Data extracts =>
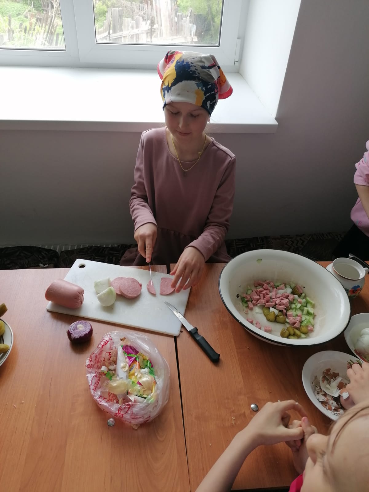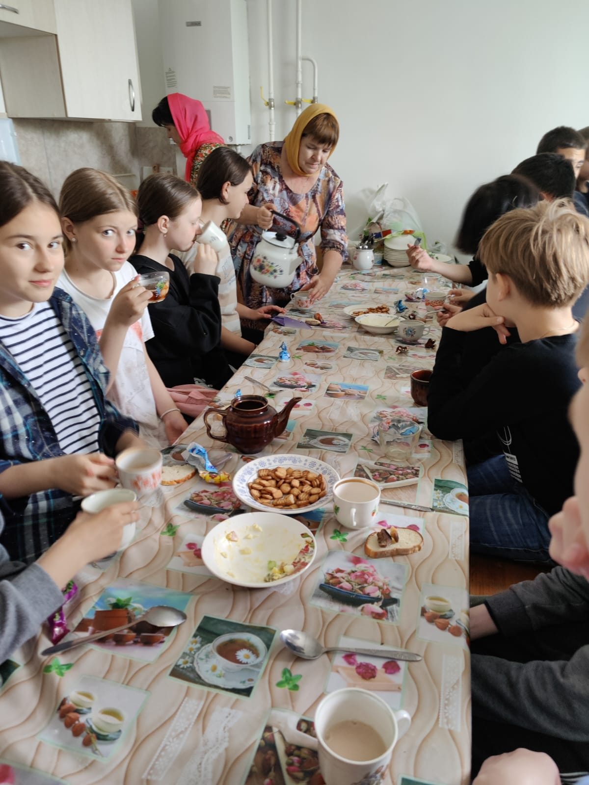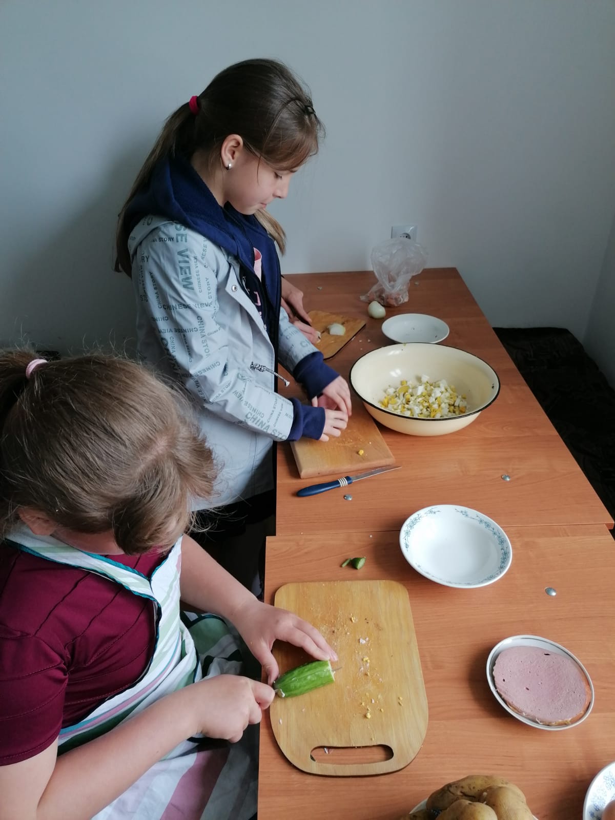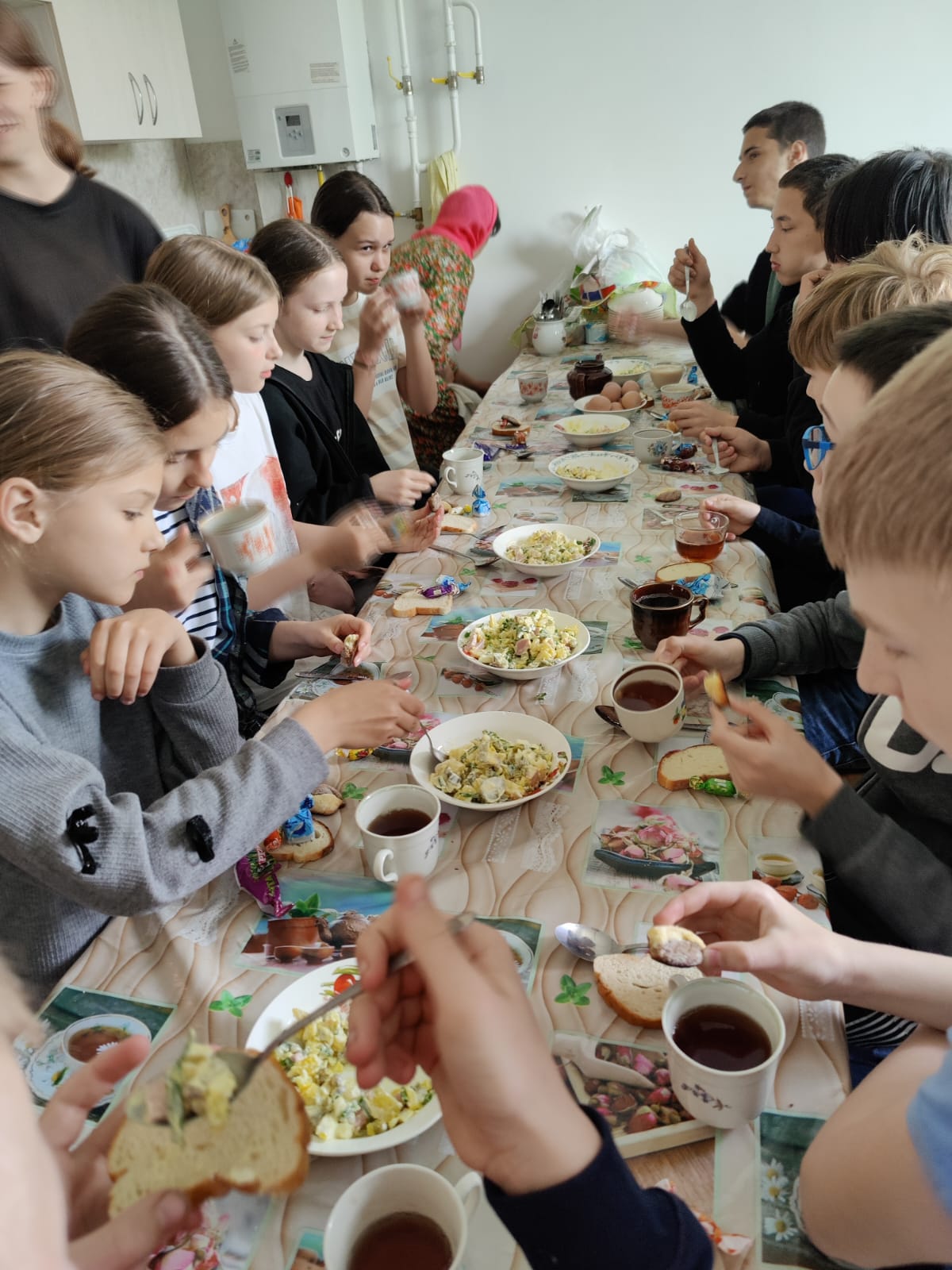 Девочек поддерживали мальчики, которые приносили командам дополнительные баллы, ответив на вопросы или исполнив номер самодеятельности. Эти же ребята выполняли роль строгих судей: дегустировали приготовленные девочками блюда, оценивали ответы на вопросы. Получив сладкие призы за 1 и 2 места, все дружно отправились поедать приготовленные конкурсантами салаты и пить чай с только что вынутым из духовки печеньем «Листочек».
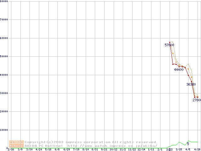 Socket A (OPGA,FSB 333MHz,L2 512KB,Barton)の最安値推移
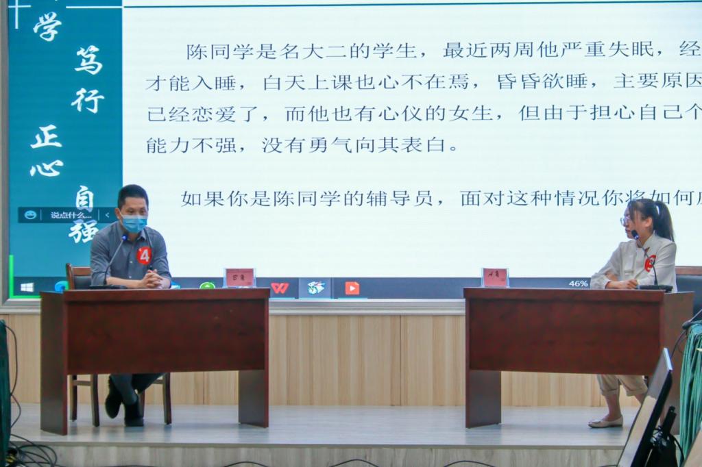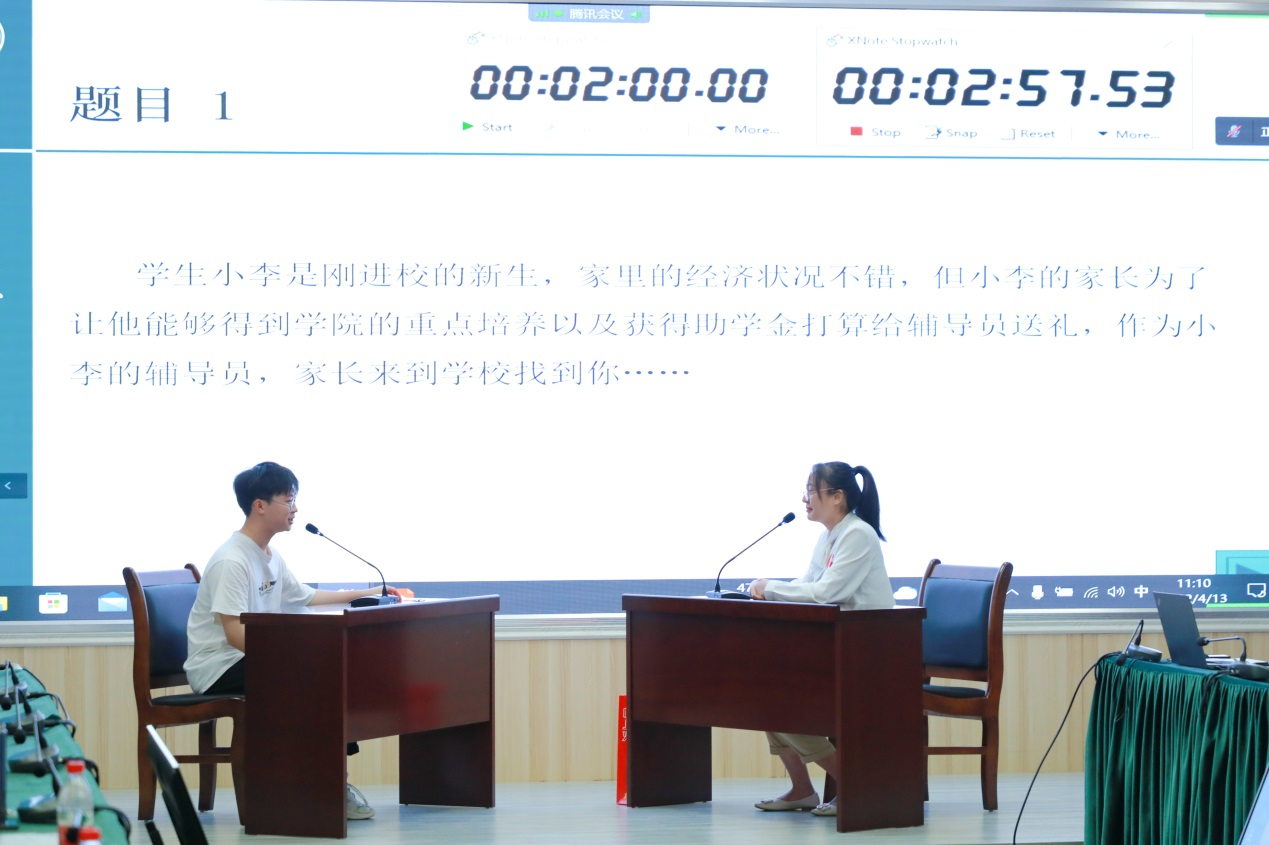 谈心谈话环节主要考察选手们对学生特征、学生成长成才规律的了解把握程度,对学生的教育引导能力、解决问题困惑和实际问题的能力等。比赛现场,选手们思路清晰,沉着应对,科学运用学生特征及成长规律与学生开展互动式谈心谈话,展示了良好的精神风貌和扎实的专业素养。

---

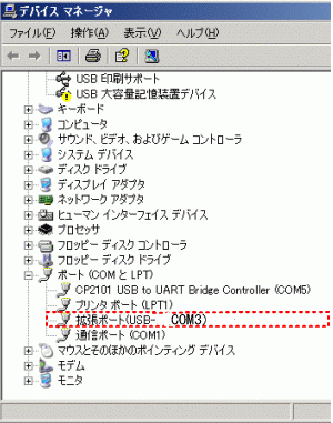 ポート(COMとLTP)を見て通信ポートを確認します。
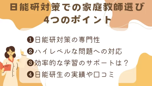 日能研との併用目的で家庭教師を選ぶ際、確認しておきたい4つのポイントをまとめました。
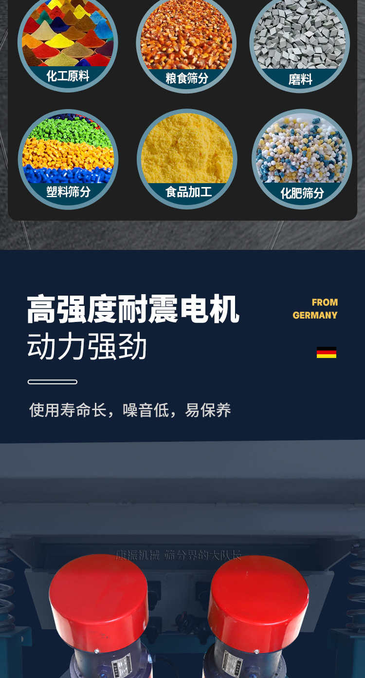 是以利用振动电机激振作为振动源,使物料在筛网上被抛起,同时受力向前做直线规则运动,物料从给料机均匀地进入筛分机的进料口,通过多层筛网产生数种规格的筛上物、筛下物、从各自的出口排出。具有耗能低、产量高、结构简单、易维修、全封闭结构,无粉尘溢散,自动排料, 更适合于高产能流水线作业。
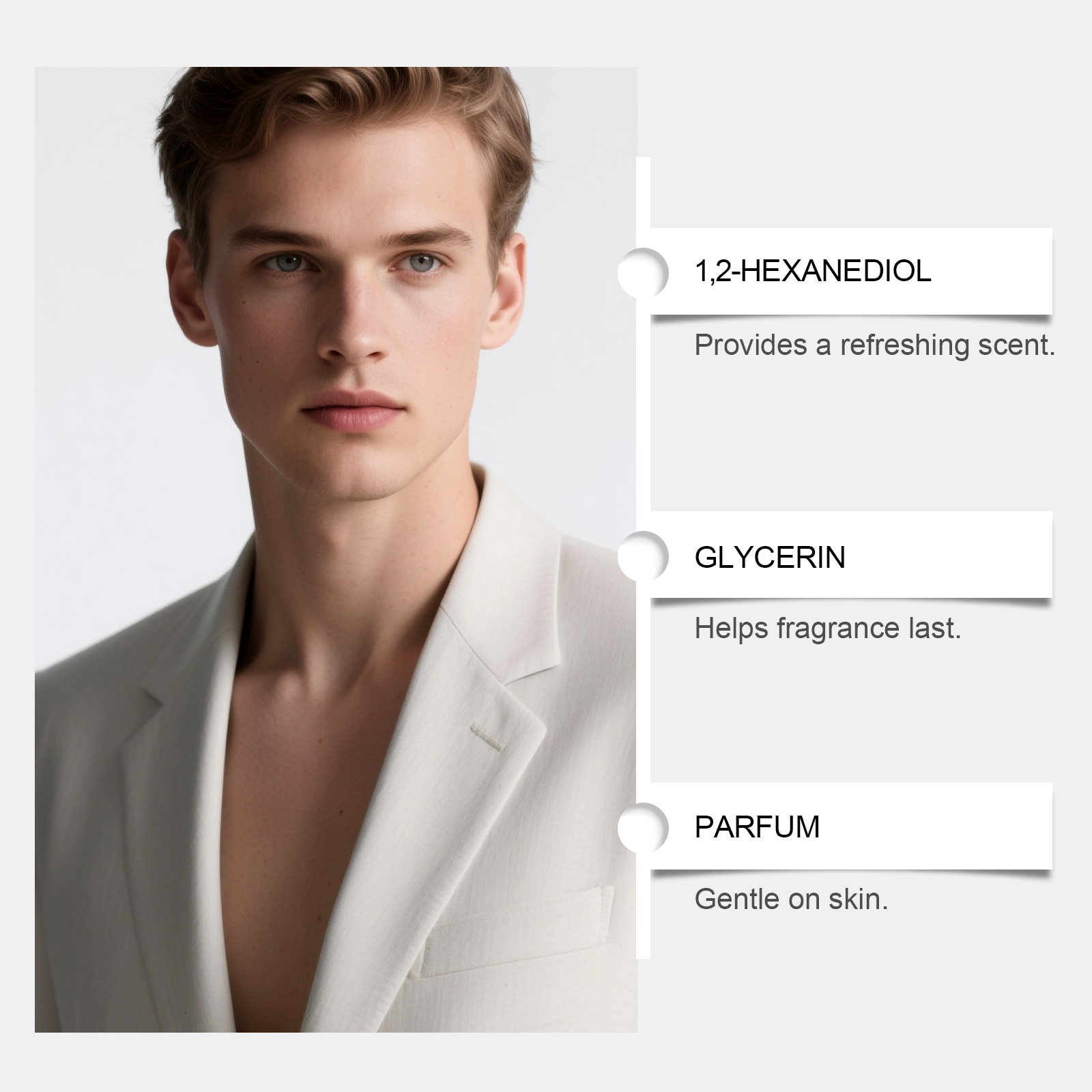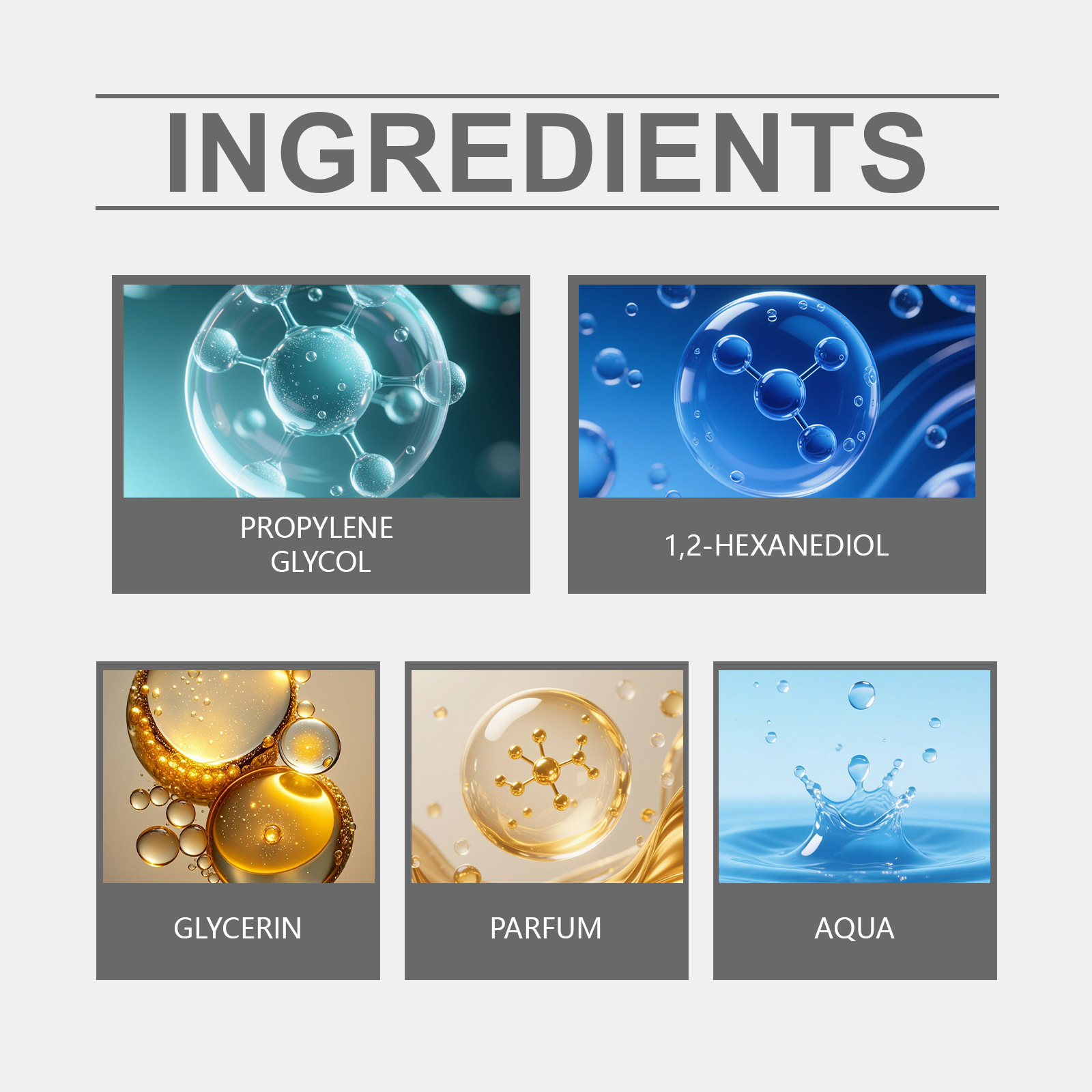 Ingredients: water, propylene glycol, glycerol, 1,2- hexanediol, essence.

--

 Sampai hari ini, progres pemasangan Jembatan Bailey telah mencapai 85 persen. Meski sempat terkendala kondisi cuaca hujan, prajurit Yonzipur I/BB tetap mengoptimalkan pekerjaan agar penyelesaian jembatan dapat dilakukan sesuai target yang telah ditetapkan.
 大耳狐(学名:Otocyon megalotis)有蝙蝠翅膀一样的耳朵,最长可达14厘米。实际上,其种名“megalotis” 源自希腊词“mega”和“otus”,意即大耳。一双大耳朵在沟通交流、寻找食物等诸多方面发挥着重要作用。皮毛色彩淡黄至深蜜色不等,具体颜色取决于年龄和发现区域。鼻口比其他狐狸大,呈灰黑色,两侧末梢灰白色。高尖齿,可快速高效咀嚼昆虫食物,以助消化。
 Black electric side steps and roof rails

Exercise details => When you reach the line with "Socket A (OPGA,FSB" in the records above, begin repeating the lines exactly, and stop after the line with "谈心谈话环节主要考察选手们对". Skip all pictures.

Expected answer =>
 Socket A (OPGA,FSB 333MHz,L2 512KB,Barton)の最安値推移
 谈心谈话环节主要考察选手们对学生特征、学生成长成才规律的了解把握程度,对学生的教育引导能力、解决问题困惑和实际问题的能力等。比赛现场,选手们思路清晰,沉着应对,科学运用学生特征及成长规律与学生开展互动式谈心谈话,展示了良好的精神风貌和扎实的专业素养。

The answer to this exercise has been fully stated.